• **What to do**
Please reproduce the data exactly, though every picture must stay out.

• **Information supplied**

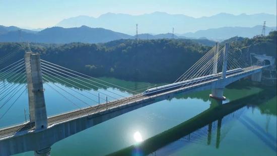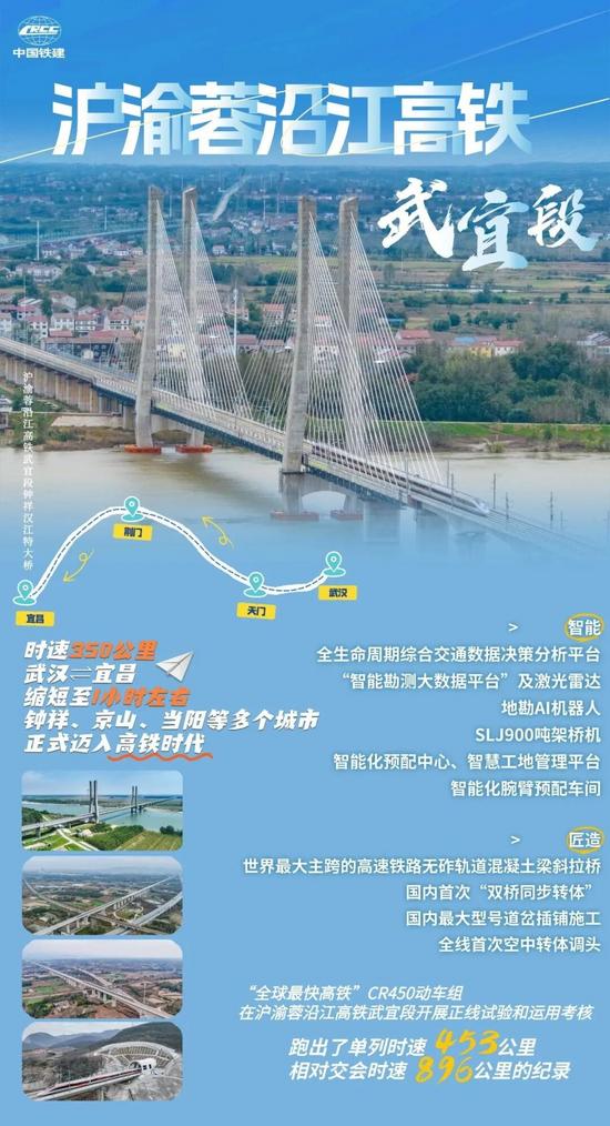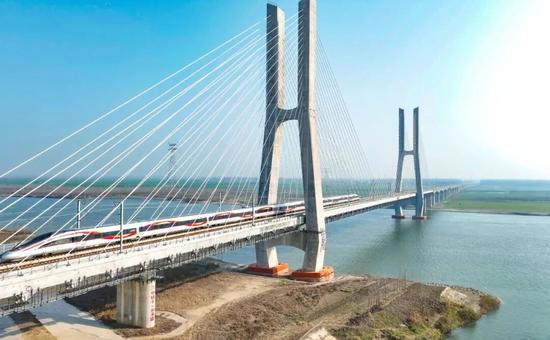 武宜高鐵鐘祥漢江鐵路特大橋主橋是世界最大主跨的高速鐵路無砟軌道混凝土梁斜拉橋,也是全線控制性工程,設(shè)計(jì)主跨270米,以斜拉橋形式跨越漢江航道。CR450動(dòng)車組試驗(yàn)期間,列車過橋時(shí)速達(dá)415公里,將國(guó)內(nèi)大跨度橋梁列車過橋試驗(yàn)速度提升至新高度。
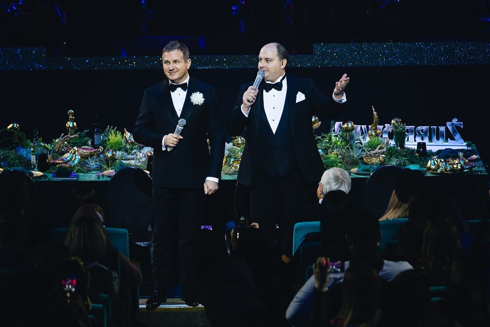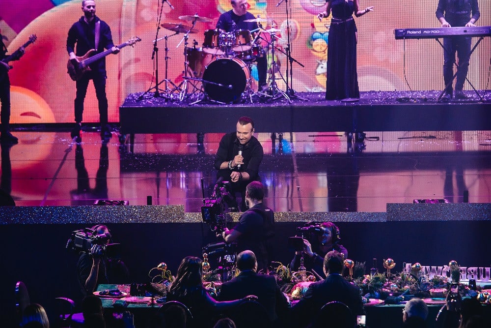 До слова, Руслан Сенічкін, який вів концерт разом із Людмилою Барбір, теж з’явився оригінально: в центрі столу з однієї страви Людмила вирішила зняти кришку і побачила там голову свого співведучого. Зрештою Руслан зайняв місце за столом. Приємним сюрпризом для всіх став також ліричний перфоманс суперфіналістів «Танців з зірками» Ксенії Мішиної з Євгеном Котом та Анни Різатдінової із Олександром Прохоровим, які станцювали під виступ співачки katya, раніше відомої як Асоль.
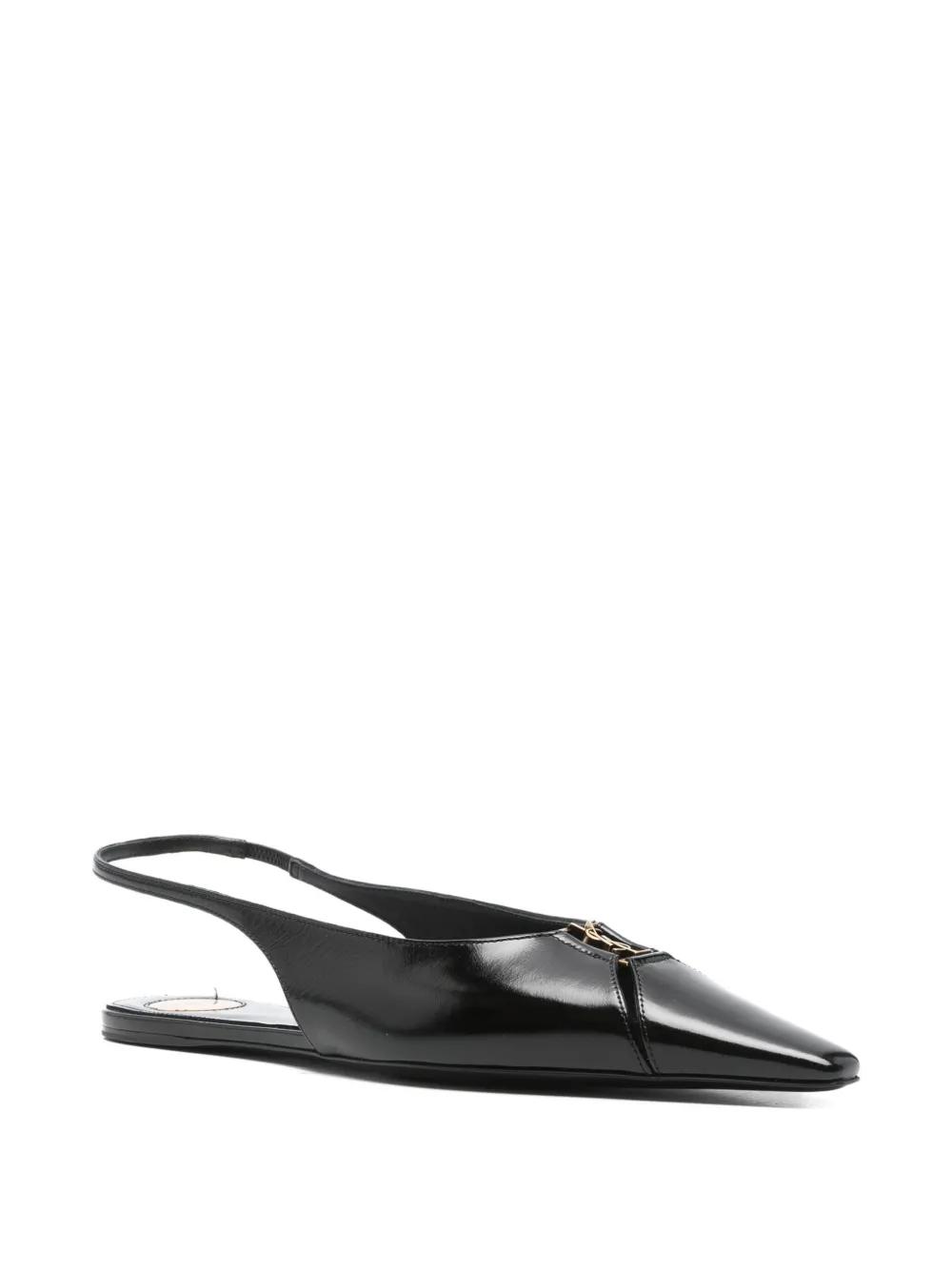 black leather pointed toe slingback strap gold-tone logo flat sole

• **Exercise solution**
 武宜高鐵鐘祥漢江鐵路特大橋主橋是世界最大主跨的高速鐵路無砟軌道混凝土梁斜拉橋,也是全線控制性工程,設(shè)計(jì)主跨270米,以斜拉橋形式跨越漢江航道。CR450動(dòng)車組試驗(yàn)期間,列車過橋時(shí)速達(dá)415公里,將國(guó)內(nèi)大跨度橋梁列車過橋試驗(yàn)速度提升至新高度。
 До слова, Руслан Сенічкін, який вів концерт разом із Людмилою Барбір, теж з’явився оригінально: в центрі столу з однієї страви Людмила вирішила зняти кришку і побачила там голову свого співведучого. Зрештою Руслан зайняв місце за столом. Приємним сюрпризом для всіх став також ліричний перфоманс суперфіналістів «Танців з зірками» Ксенії Мішиної з Євгеном Котом та Анни Різатдінової із Олександром Прохоровим, які станцювали під виступ співачки katya, раніше відомої як Асоль.
 black leather pointed toe slingback strap gold-tone logo flat sole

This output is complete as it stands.